Das hoch vertrauliche Papier fand letzte Woche, also kurz vor der Entscheidung zum EU-Rahmenabkommen, den Weg in die Öffentlichkeit – das Schweizer Radio berichtete gross, später dann auch das Schweizer Fernsehen.
Der Geheimbericht, der SRF zugespielt wurde, trägt einen unspektakulären Namen: «Institutionelles Abkommen: Mögliche Folgen eines Nicht-Abschlusses und Eventualmassnahmen.» Doch der Inhalt hat es in sich. Die Bundesverwaltung listet darin 24 Politikfelder auf, die betroffen wären, wenn der Rahmenvertrag mit der EU nicht kommt.
Am Mittwoch liess der Bundesrat dann den Vertrag auch tatsächlich scheitern. Er wollte das Dokument unter keinen Umständen der Öffentlichkeit zugänglich machen. Darum bekam es nicht einmal die Aussenpolitische Kommission (APK) des Parlaments. Nach der Indiskretion verlangte sie erneut, dass sie Zugang zum Dokument erhalte. Ohne Erfolg.
Jetzt gibt es ein rechtliches Nachspiel. Bei der Bundesanwaltschaft (BA) wurde Strafanzeige eingereicht, wie Recherchen zeigen. Gegenüber CH Media bestätigt die Bundesanwaltschaft: «Die BA hat gestützt auf die Strafanzeige ein Strafverfahren wegen des Verdachts der Verletzung des Amtsgeheimnisses (Art. 320 StPO) gegen Unbekannt eröffnet.» Die BA mache derzeit keine weiteren Angaben zum laufenden Strafverfahren, schreibt die Kommunikationsstelle.
Es ist die Landesregierung, die reagiert hat. «Ich kann bestätigten, dass der Bundesrat Strafklage eingereicht hat wegen Indiskretionen im Zusammenhang mit dem Dossier des Rahmenabkommens mit der EU», sagt Bundesratssprecher André Simonazzi. Mehr will auch er nicht sagen.
Recherchen zeigen, dass der Bundesrat die Strafanzeige schon vor einiger Zeit eingereicht hat. Es dürften damit mehrere Indiskretionen im Zusammenhang mit dem Rahmenabkommen von der Untersuchung der Bundesanwaltschaft betroffen sein.
In der Bundesverwaltung hat man schon seit längerem mit einer Untersuchung gerechnet.
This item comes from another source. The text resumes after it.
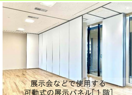
展示会などで使用する可動式の展示パネル[1階]

●岐阜県産木材の活用 新庁舎低層棟1階の一部天井の木パネルと床フローリング材は、岐阜県産材の木材の需要拡大を図ることを目的とする「ぎふ県産材利用促進施設等整備事業」という岐阜県の補助金を活用して整備しています。低層棟1階は木材を多く利用した落ち着いた空間になっています。

Alle Geschäfte zum Rahmenabkommen waren geheim. Sie gingen nicht über das übliche Bundesrats-Geschäftsregister.
Schon vor einer Woche hatte sich Bundesratssprecher Simonazzi sehr wortkarg gegeben auf die Frage, ob eine Strafuntersuchung im Raum stehe. «Ich habe dem nichts beizufügen, was ich dem Radio gestern gesagt habe», hielt er fest. Die Indiskretion im Zusammenhang mit dem Geheimpapier, das Radio SRF publizierte, hatte Simonazzi «aufs Schärfste» verurteilt, «weil sie den Interessen der Schweiz schadet.»
Kernstück der Indiskretionen ist neben dem Geheimbericht von SRF der Mitbericht, den Bundesrätin Viola Amherd in der Bundesratssitzung vom 12. Mai eingebracht hat. Noch am selben Tag berichtete der «Tages-Anzeiger» darüber. Er schrieb von einem «Geheimplan für einen Deal mit der EU» von Viola Amherd. Vieles deutet darauf hin, dass der Mitbericht dem «Tages-Anzeiger» vorlag.
Der Geheimbericht, den SRF in Teilen publizierte, verliert seine Brisanz nach dem offiziellen Ende des Rahmenabkommens keineswegs. Es kommt nämlich zum Schluss: In zehn Politikbereichen sind die Folgen eine Scheiterns schwerwiegend - etwa in der Landwirtschaft, beim Strom und bei der öffentlichen Gesundheit. Das Dokument zeigt aber auch auf, welche Gegenmassnahmen der Bund ergreifen würde, sollte die EU ihre Politik der Nadelstiche fortsetzen. Das könnte schon sehr bald aktuell werden.